Low-income residents of St. Francis Place, a massive housing complex on the corner of 3rd and Folsom, awoke the morning of January 7 to a shocking letter taped on their doors. The letter stated that the regulations keeping their rent below market rate expired with the New Year, and that they had between 6 and 12 months to either move out or start paying massively higher rents. 20 percent of the more than 400 residents of the complex will be affected, many of them seniors. Sadly, St. Francis represents the first of what will be a series of large-scale, de facto evictions occurring over the next year.

Fifteen years ago, San Francisco’s Redevelopment Agency helped push through a variety of major housing developments in the South of Market. In what was partly an effort to address criticism of a public agency subsidizing massive market-rate developments, they forced developers to guarantee as much as 20 percent affordable housing. Yet like so many promises used by city agencies to stifle opposition, the guarantee had a major defect – it expired after fifteen years.

Now, the deal’s bill is due, and St. Francis is just the first complex to fall victim. Other developments with contracts set to expire soon include Bayside Village, Rincon Towers, Webster Towers, South Beach Marina and Fillmore Center. These expirations could potentially displace hundreds of San Francisco’s most vulnerable tenants due to the resulting rent increases.

August J.P. Longo, a disabled tenant of St.
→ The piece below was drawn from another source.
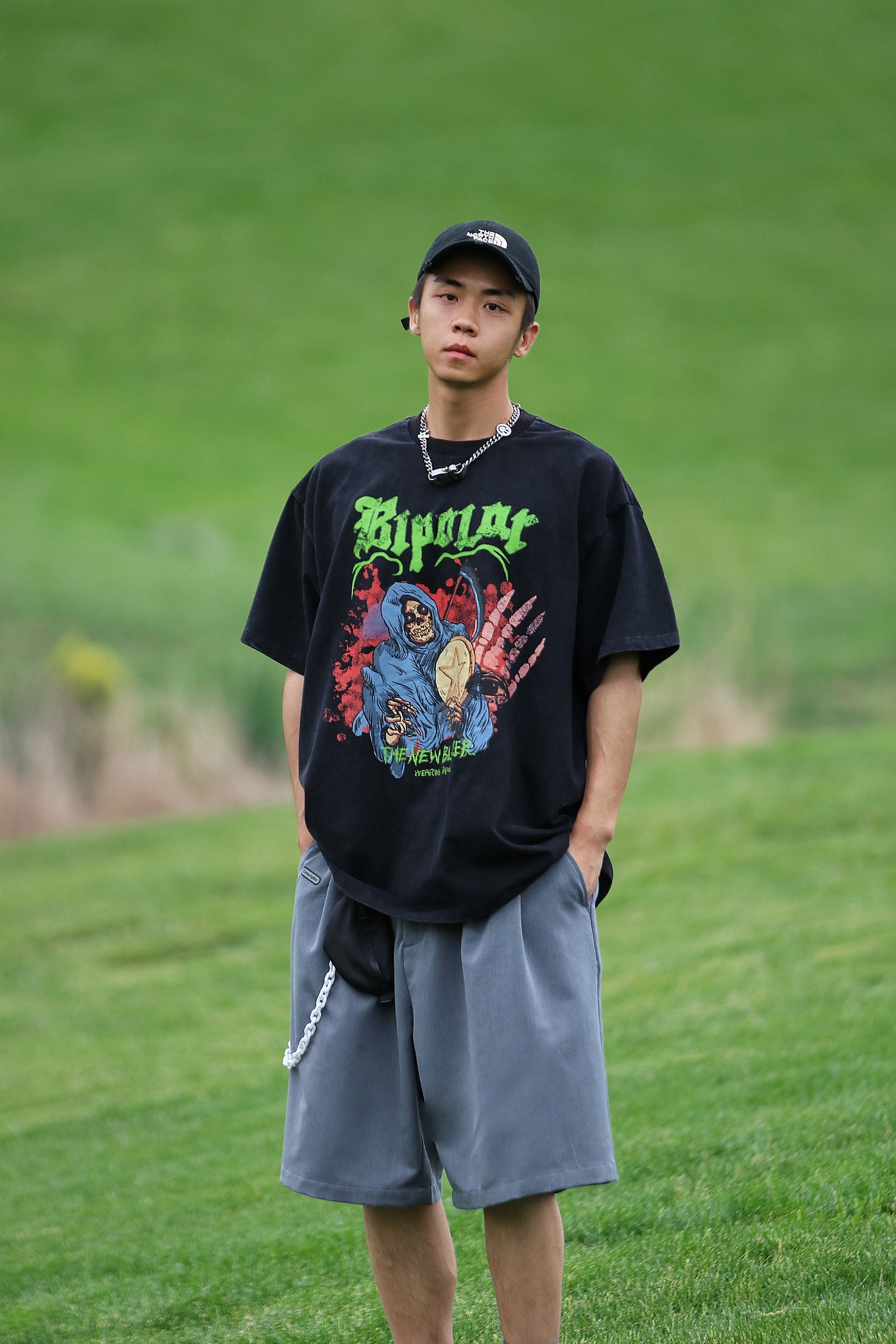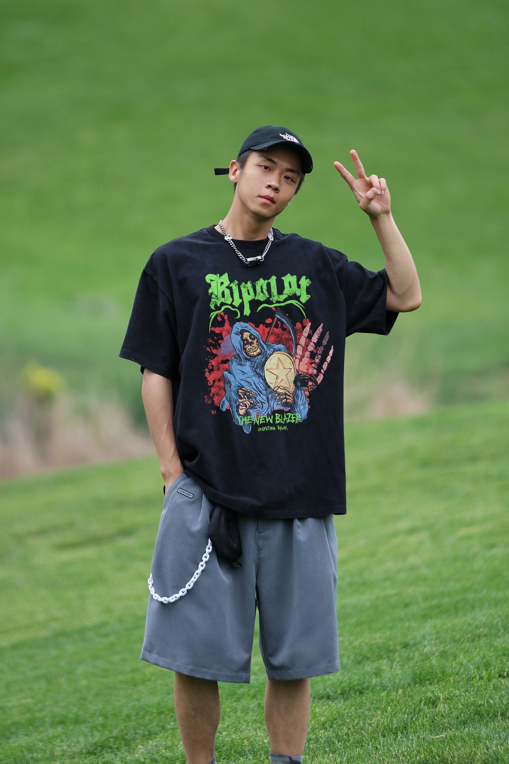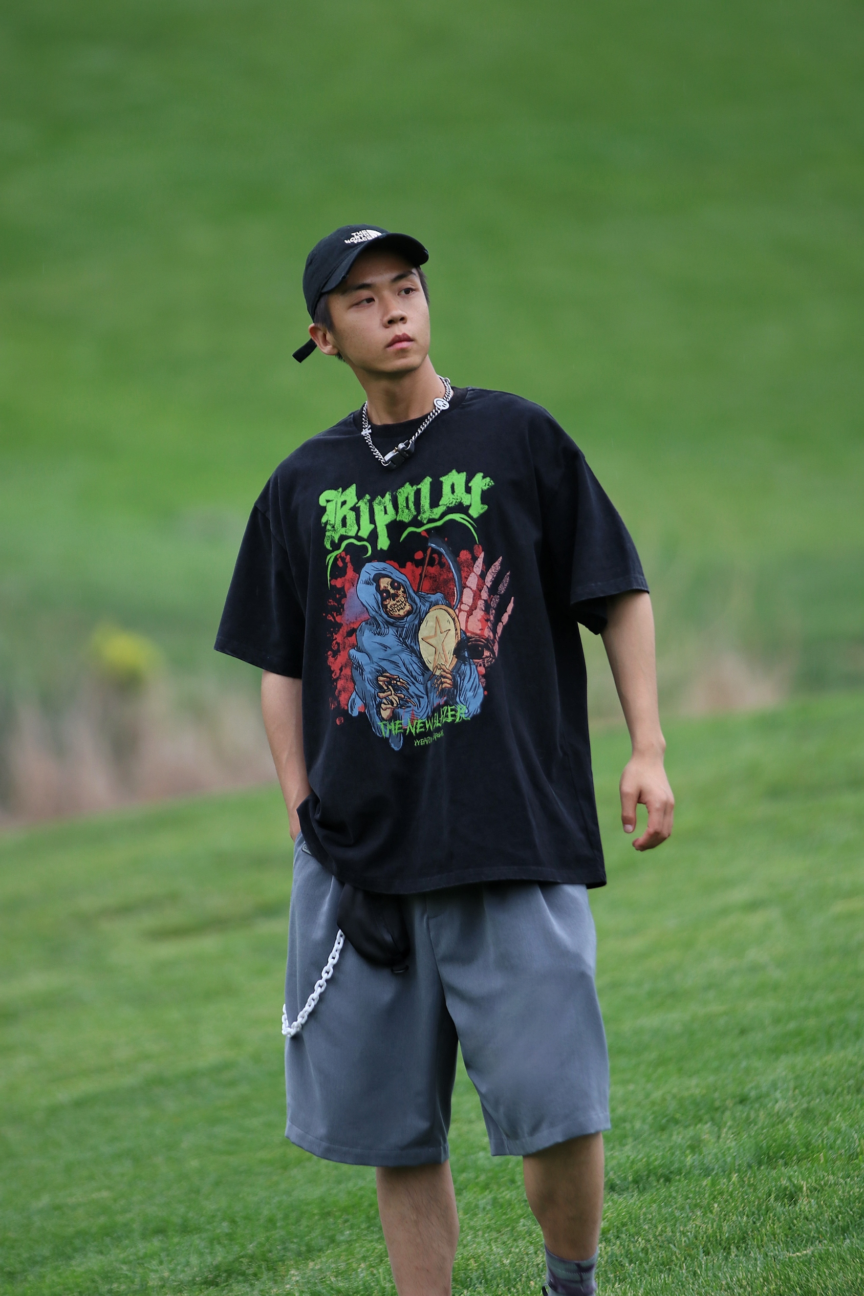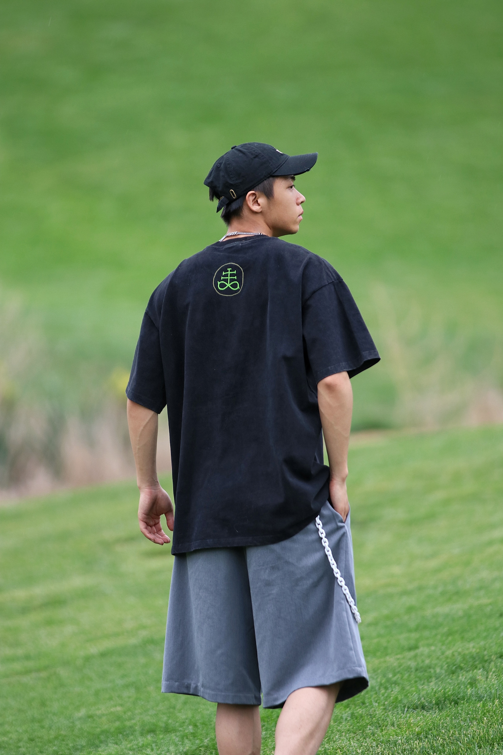 郭子单品分享 短袖: BIPOLAR 短裤:GLOWING STUDIO 挂饰:GLOWING STUDIO 鞋子: HOKA ONE ONE 短袖的胸口印花很有设计感的彩色涂鸦设计,所以下装就不要选择太过于鲜艳的颜色,灰色西装短裤是一个很好的过渡和压制,为了避免上衣太过于单调,腰包挂链是个不错的选择,再搭配黑色的鞋子,和上衣形成颜色呼应,整体感就出来了。

Francis Place, will be forced out of his home come January. The rent for his 2-bedroom apartment will increase by $600 then, and as a recipient of Section 8, he can’t afford to stay.

“I’m scared,” said Longo, a six-year resident of St. Francis. “It’s really hard to find a place that’s going to accept a Section 8 certificate in a place that’s as safe as this is.”

Longo and other disabled, senior, and low-income tenants have a one-year grace period before their rent increase begins. Other tenants’ rents will start increasing incrementally in six months until they reach market rate, according to a letter signed by Jonathan Figone, General Manager of St. Francis Place.

For Longo, the string of de fact evictions set to begin soon reveals a great deal about the current political climate here in San Francisco.

“I think it means that the City is going to be a city for rich people,” said Longo. “It’s just impossible for low-income people to survive. And I don’t see the City making any strides to protect us.”